If the multiple listing service is real estate’s greatest invention, it may also be the industry’s greatest source of angst. In an era when the public can easily access information about any property in the U.S., MLS data remains dispersed, with more than 600 systems operating around the country.
That’s not good for brokers, says Sam DeBord, managing broker and vice president of strategic growth for Coldwell Banker Danforth in Seattle. “The job of our association is to put the needs of our broker members and their clients first. That can’t happen if we’re trying to maintain a traditional model that can no longer support them.”
DeBord recently chaired a National Association of REALTORS® presidential advisory group that looked at the future of MLSs. The group recommended that NAR actively encourage consolidation and provide support for MLSs that want to join forces. Among the PAG’s recommendations is a grant program that would help MLSs cover the cost. The idea is expected to be considered during NAR’s budget review process in March.
For some brokers and association executives, consolidation feels like losing local control of data. But DeBord says it isn’t just about a large organization absorbing a smaller one. “There are mergers, partnerships, data shares. We want to kickstart conversations between MLSs in order to achieve better result for REALTORS®—better technology and cost structures and access to broader markets.”
Visions of a more united MLS world have been around for decades. Of the 627 MLSs in operation today, 76 are regional, some with tens of thousands of members. Just in the last four years, the number of MLSs has declined by 19 percent. “But there are still markets where agents need to join three, four, even five MLSs to serve their clients,” DeBord says.
Achieving a successful consolidation is no walk in the park. Five years ago, a group of Illinois associations began consolidation talks. “We had eight to 12 associations involved in the discussions at any given time. We even got so far as vendor selection,” says Dallas Hancock, CEO of the Peoria Area Association of REALTORS®. After two years of discussion, it was clear the group didn’t have a shared vision, and the effort was disbanded.

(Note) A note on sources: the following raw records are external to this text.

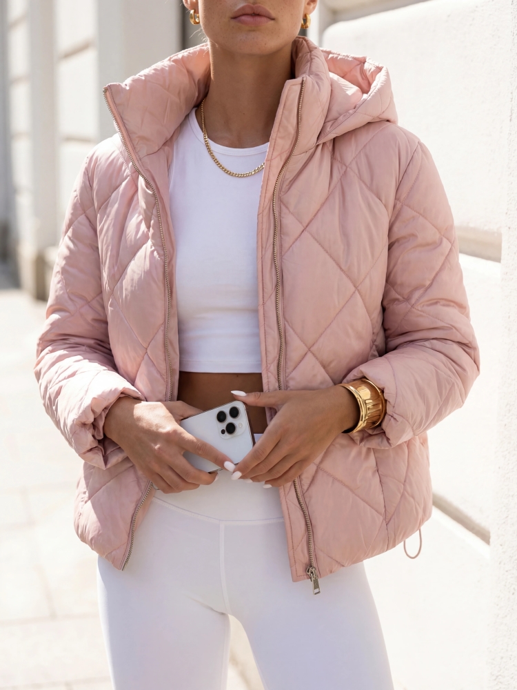 A unique Maudera jacket, made of high-quality material. The asymmetrical, loose cut ensures comfort and convenience while visually elongating the figure. Roomy side pockets are located. It fastens with a contrasting zipper. An additional advantage is the spacious hood and adjustable elastic bands on the sides. Made in Poland. Manufacturer: Cocomore. Product presentation uses AI visualizations.
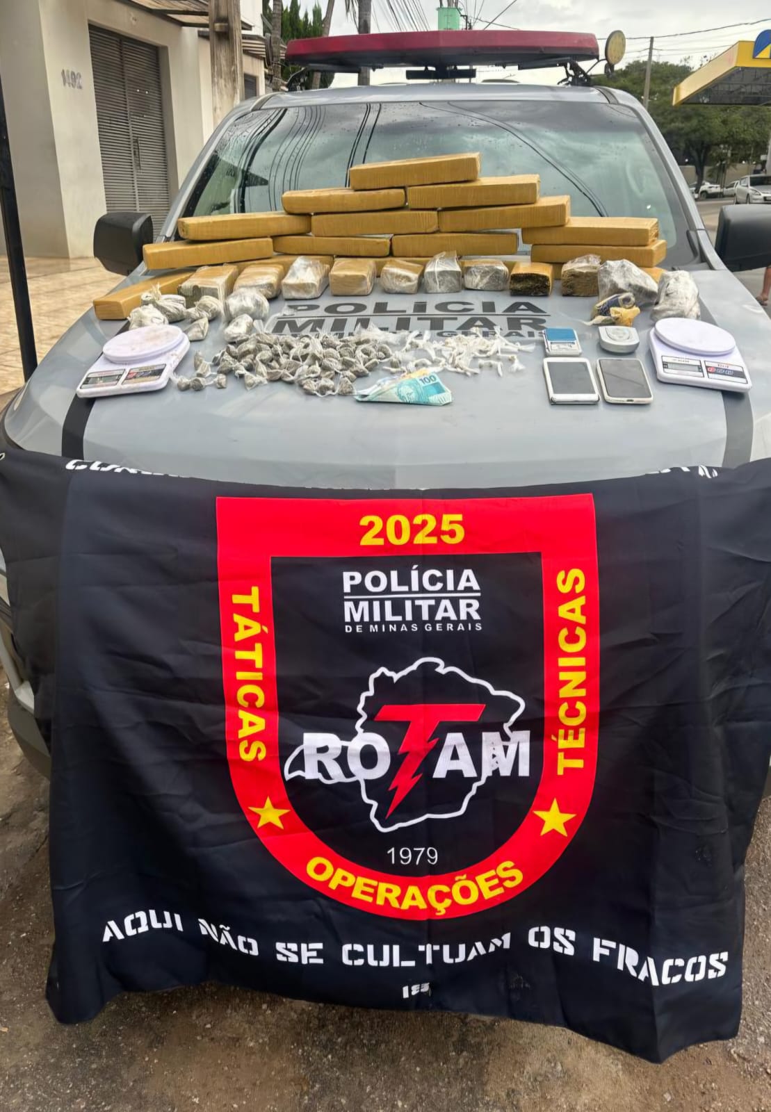 Nesta quarta-feira (8), uma ação integrada de combate ao tráfico de drogas em Minas Gerais, com apoio da ROTAM, resultou na apreensão de significativa quantidade de entorpecentes e materiais utilizados na atividade criminosa, no município de Nova Serrana. A operação foi desencadeada após levantamento de informações e diligências que apontavam a prática de tráfico na região.
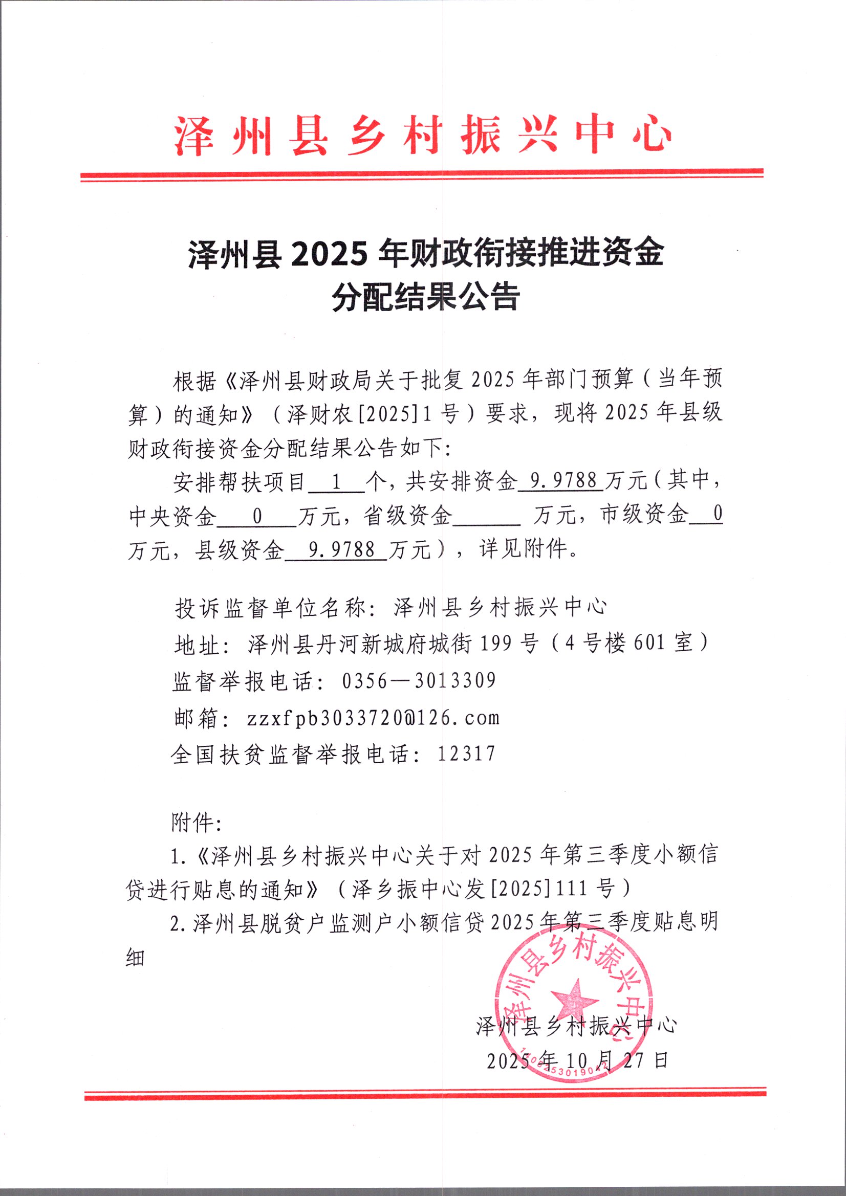 附件:附件1:《泽州县乡村振兴中心关于对2025年第三季度小额信贷进行贴息的通知》(泽乡振中心发[2025]111号).pdf

Now, it’s back on track with a smaller, more unified group. Later this year, four associations will bring 3,000 REALTORS® from Illinois and two Iowa counties together to form a new MLS, RMLS Alliance. The difference between then and now: a unity of purpose and a solid business plan that lays out governance and division of labor.
While access to a larger market area is often cited as the reason for consolidations, that wasn’t the case with RMLS Alliance, Hancock says. “There was no big member outcry for it, but we looked at the direction things were moving and knew if we wanted to continue to provide our members with the best technology available, we’d need to grow.”
Another union in the offing is NYMLS, the consolidation of New York-area MLSs operated by the Long Island Board of REALTORS® and Hudson Gateway Association of REALTORS®. The combined entity will serve 40,000 REALTORS®. NYMLS has created a website where people from both associations can get updates and read frequently asked questions, says Jim Speer, CEO of the new entity.
Both Speer and Hancock expect additional growth for their joint ventures and say NAR’s support will help. “It’s a fabulous idea,” Speer says. “There are people who know consolidation would make sense, but they don’t know where to turn.”
NAR aims to change that. “From our research and experiences, we know that many MLSs struggle to keep their budgets above water and maintain technology minimums,” DeBord says. “Our consensus was that many more MLSs would engage in a conversation about consolidation if they had the information and funding to ensure success.”